[Records drawn from a dataset]
━━━━━━━━━━━━━━━━

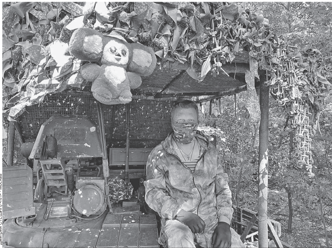
«Курган» уже не молод, но под маской у него почти всегда скрывается улыбка.

- Есть. Не подведу, товарищ «Курган», допилим «Терминатор» до идеала, пусть враг боится и завидует!
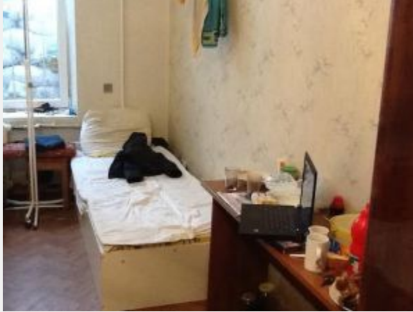
Ein Krankenhauszimmer in Donezk. Für mehr Bilder und Infos klick aufs Foto.

Опубликовано 30 марта 2025 года Франком Готтшлихом
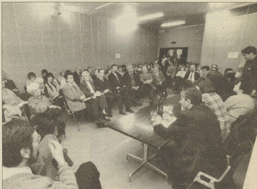
Na razpravo o fojbah se je izzvalo veliko ljudi
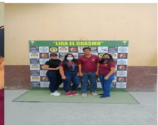
Imagen Nro. 35
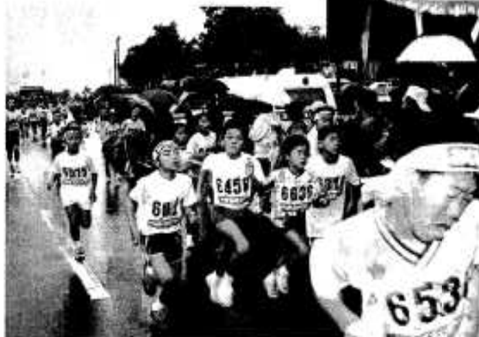
もう少しでゴール。がんばれ！
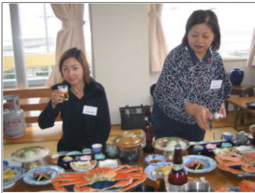
いつも賑やかなウエストの
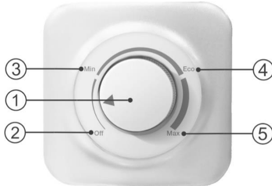
Рисунок 2. Механическая панель управления

Рисунок 2: 1 – ручка управления водонагревателем со стрелкой индикатором, 2 – зона «off» включения/выключения водонагревателя, 3 – зона регулировки температуры «min», 4 – зона регулировки температуры «eco», 5 – зона регулировки температуры «max».
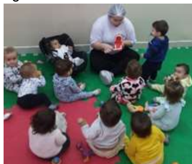
Atividade 7: Incentivando uma boa higiene bucal
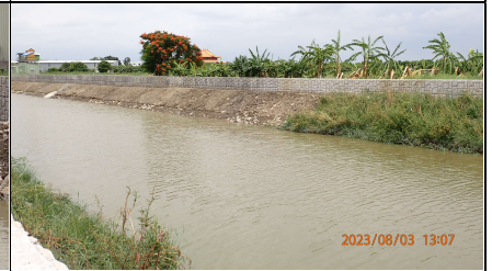
工程起點與前期工程銜接處
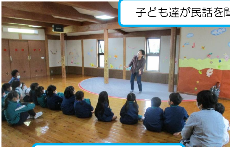
子ども達が民話を聞いている様子

・今年度最初のお話の日。 1年生全員とお話を聞きたい子が参加しました。 素話なので、はじめは戸惑っている子もいましたが、講師の先生の話し方にひきこまれ、静かに聞いていました。

━━━━━━━━━━━━━━━━

**WORK INSTRUCTIONS:** From the line containing "工程起點與前期工程銜接處" down to the final line of the records above, restate every line word for word, add nothing, and skip the pictures.

**RESULT:**
工程起點與前期工程銜接處
子ども達が民話を聞いている様子

・今年度最初のお話の日。 1年生全員とお話を聞きたい子が参加しました。 素話なので、はじめは戸惑っている子もいましたが、講師の先生の話し方にひきこまれ、静かに聞いていました。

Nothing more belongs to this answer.